Photo de couverture pour illustration : fotolia.

Proposez, complétez, discutez : Laissez un commentaire. Après validation, je me ferai un plaisir d’échanger avec vous.

Mes services vous intéressent…

2 Commentaires sur “E-reputation, bad buzz : peut-on effacer les mauvaises infos ?

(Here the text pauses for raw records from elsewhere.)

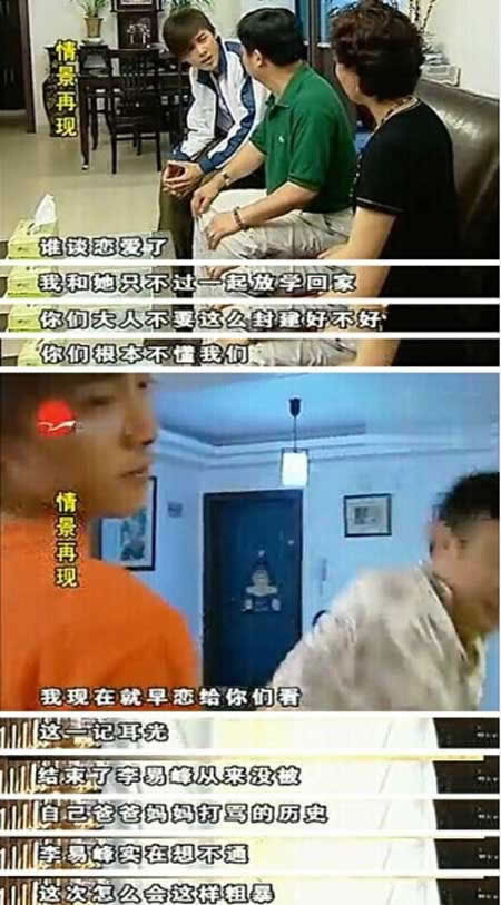 我们都知道他说14岁就初恋了嘛,然后初吻也给了初恋那个女孩子,然后其实峰峰早期还接受过采访,详细回忆了早恋经过,但是那时候他没有上《鲁豫有约》,也没有上《非常静距离》(观看),而是接受了一个上海话版“法制进行时”的采访,回忆了如何走出早恋危机,还被峰爸打了耳光,那真挚的表情真是闻者伤心,见者流泪,堪称最萌黑历史!
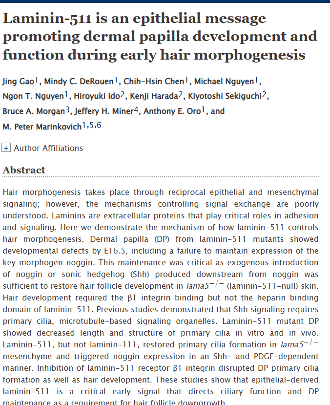 Gao J, et al. Laminin-511 regulates hair follicle stem cell anchorage and activation through β1 integrin signaling. Nat Commun. 2024;15:3852.
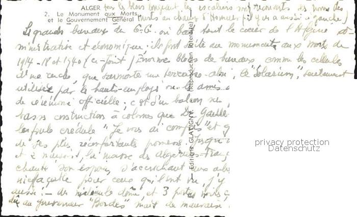 Alger Algerien Monument auy Morts postalisch nicht gelaufen Erhaltung siehe scans
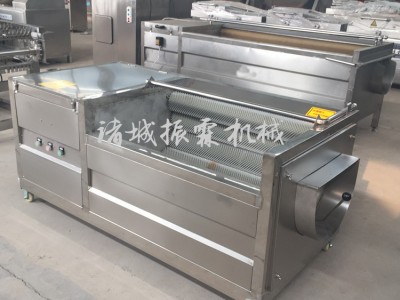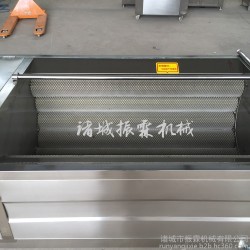 毛辊清洗机是以高压风机风力或水泵的压力使水产生强烈搅拌运动,使物料在水中翻滚,利用毛辊转动及高压喷淋相互结合,从而达到清洗的专用效果。结构特征与工作原理该机由机架、水箱、风机(水泵)、循环冲洗水泵、传动部分等几部分组成,工作时由于水中风力(压力)的存在,果蔬在水中剧烈翻滚搅动,清洗水经过过滤后,由循环冲洗泵加压至进料口喷管回冲,喷管方向可调,物料被喷管喷出的高压水得以再次冲洗,并朝着出口方向漂移,出口处置至刮板提升机,刮板提升机的速度可调(调节刮板提升机速度到所需的生产能力),将冲来的果蔬送至下道工序(可根据用户要求在出口刮板提升机上加喷淋管,进一步进行喷洗)。也可根据用户不同的物料,加工不同的提升结构。
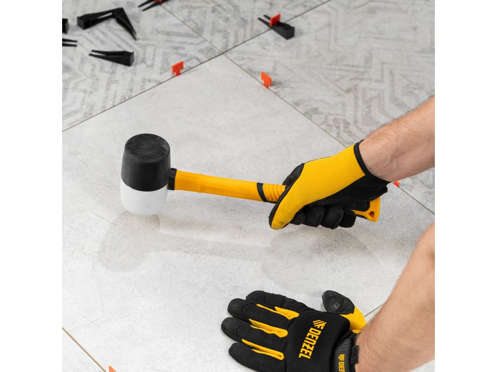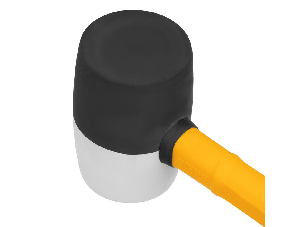 Резиновая киянка Denzel 11102 с бойком из черно-белой резины весом 450 г и фибергласовой рукояткой с TPR-покрытием, применяется во время монтажных, сборочных и кузовных работ, укладки плитки. Резиновый боек с высокими амортизирующими свойствами оптимален для работы с чувствительными к давлению материалами. Инструмент характеризуется высокой прочностью и стойкостью к агрессивному воздействию, подходит для профессионального использования.
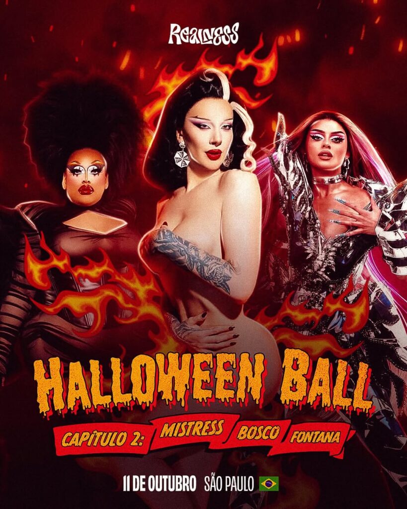 A Realness Halloween Bal: Capítulo Dois com Mistress Brooks, Bosco e a brasileira Fontana, Dacota Monteiro apresentando e performances de Desirée Beck, Chanel, Aimée Lumiere, Fedra, Halenka, Rafas Poul, Blue Addams e Summer Fever, neste sábado (11), no Espaço Usine, na Rua Barra Funda às 21h.

  1. Tsilavo Ranarison says:

    On a quand même l’impression, selon le point de vue, que google limite un peu les champs d’action pour les victimes de vol de contenu ou de diffamation.
    Quand un nom se trouve clairement associé à un terme sérieusement négatif, quel recours on a ? je n’ai pas encore trouvé cette réponse

    • Pascal Kryl says:

      Bonjour et merci pour votre commentaire. Sauf mauvaise compréhension de ma part, il semble que la – ou les – réponses sont dans l’article. Celle la plus efficace dépendant de votre cas très précisément. Le vol de contenu ou duplicate content ou la diffamation sont deux problèmes très différents pour reprendre votre propos. Au duplicate content, une réponse simple : continuer à publié des articles parfaitement originaux. Google repère l’auteur officiel et disqualifie les copieurs. Pour la diffamation (des personnes qui diraient du mal de vous sur d’autres sites web ou blogs), il y a quelques pistes dans l’article.